Мучения человека были настолько велики, что по временам он заговаривал сам с собой. -- О, я глупец! -- бормотал он, раскачиваясь на камне в душевной боли и ногтями царапая смуглую грудь, -- глупец, неразумная женщина, трус!

Падаль я, а не человек! Он умолкал, поникал головой, потом, напившись из деревянной фляги теплой воды, оживал вновь и хватался за нож, спрятанный под таллифом на груди, то за кусок пергамента, лежащий перед ним на камне рядом с палочкой и пузырьком с тушью. На этом пергаменте уже были набросаны записи: "Бегут минуты, и я, Левий Матвей, нахожусь на Лысой Горе, а смерти все нет!" Далее: "Солнце склоняется, а смерти нет". Теперь Левий Матвей безнадежно записал острой палочкой так: "Бог! За что гневаешься на него?

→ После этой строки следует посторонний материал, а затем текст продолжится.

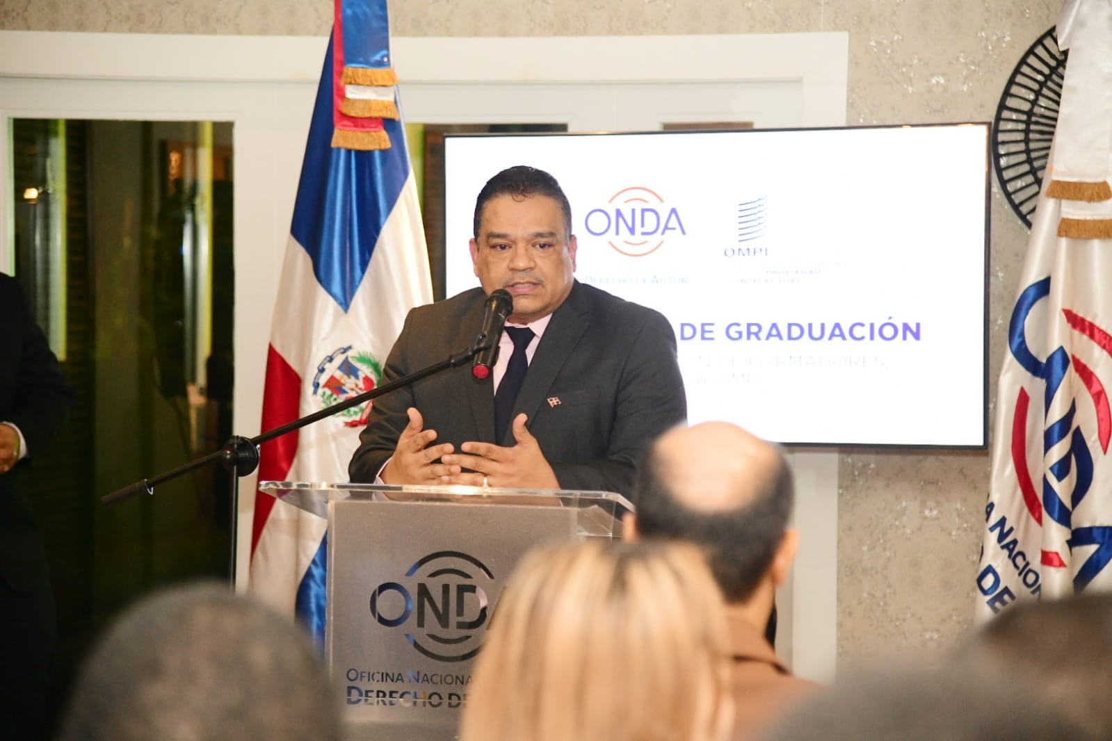 Antes de que hablara el director de la ONDA, se dirigió a los graduandos el representante de la OMPI, señor Zapata, quien destacó el significado que para el derecho de autor y la República Dominicana tiene esta graduación.

Пошли ему смерть". Записав это, он болезненно всхлипнул и опять ногтями изранил свою грудь. Причина отчаяния Левия заключалась в той страшной неудаче, что постигла Иешуа и его, и, кроме того, в той тяжкой ошибке, которую он, Левий, по его мнению, совершил. Позавчера днем Иешуа и Левий находились в Виффании под Ершалаимом, где гостили у одного огородника, которому чрезвычайно понравились проповеди Иешуа. Все утро оба гостя проработали на огороде, помогая хозяину, а к вечеру собрались идти по холодку в Ершалаим.

Но Иешуа почему-то заспешил, сказал, что у него в городе неотложное дело, и ушел около полудня один. Вот в этом-то и заключалась первая ошибка Левия Матвея. Зачем, зачем он отпустил его одного! Вечером Матвею идти в Ершалаим не пришлось. Какая-то неожиданная и ужасная хворь поразила его. Его затрясло, тело его наполнилось огнем, он стал стучать зубами и поминутно просить пить. Никуда идти он не мог.

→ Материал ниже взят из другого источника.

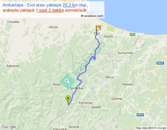Ambartepe - Evci arası yaklaşık olarak 90 km/h ile yukarıda belirtilen sürede olup, iki yerin kuş uçuşu uzaklığı (mesafesi) 17'dir. Yolculuk otobüsle 1 saat 20 dakika sürmektedir.

Он повалился на попону в сарае огородника и провалялся на ней до рассвета пятницы, когда болезнь так же неожиданно отпустила Левия, как и напала на него. Хоть он был еще слаб и ноги его дрожали, он, томимый каким-то предчувствием беды, распростился с хозяином и отправился в Ершалаим. Там он узнал, что предчувствие его не обмануло.

Беда случилась. Левий был в толпе и слышал, как прокуратор объявил приговор.

Когда осужденных повели на гору, Левий Матвей бежал рядом с цепью в толпе любопытных, стараясь каким-нибудь образом незаметно дать знать Иешуа хотя бы уж то, что он, Левий, здесь, с ним, что он не бросил его на последнем пути и что он молится о том, чтобы смерть Иешуа постигла как можно скорее. Но Иешуа, смотрящий вдаль, туда, куда его увозили, конечно, Левия не видал. И вот, когда процессия прошла около полуверсты по дороге, Матвея, которого толкали в толпе у самой цепи, осенила простая и гениальная мысль, и тотчас же, по своей горячности, он осыпал себя проклятьями за то, что она не пришла ему раньше. Солдаты шли не тесною цепью. Между ними были промежутки.

При большой ловкости и очень точном расчете можно было, согнувшись, проскочить между двумя легионерами, дорваться до повозки и вскочить на нее. Тогда Иешуа спасен от мучений. Одного мгновения достаточно, чтобы ударить Иешуа ножом в спину, крикнув ему: "Иешуа! Я спасаю тебя и ухожу вместе с тобой! Я, Матвей, твой верный и единственный ученик!" А если бы бог благословил еще одним свободным мгновением, можно было бы успеть заколоться и самому, избежав смерти на столбе. Впрочем, последнее мало интересовало Левия, бывшего сборщика податей.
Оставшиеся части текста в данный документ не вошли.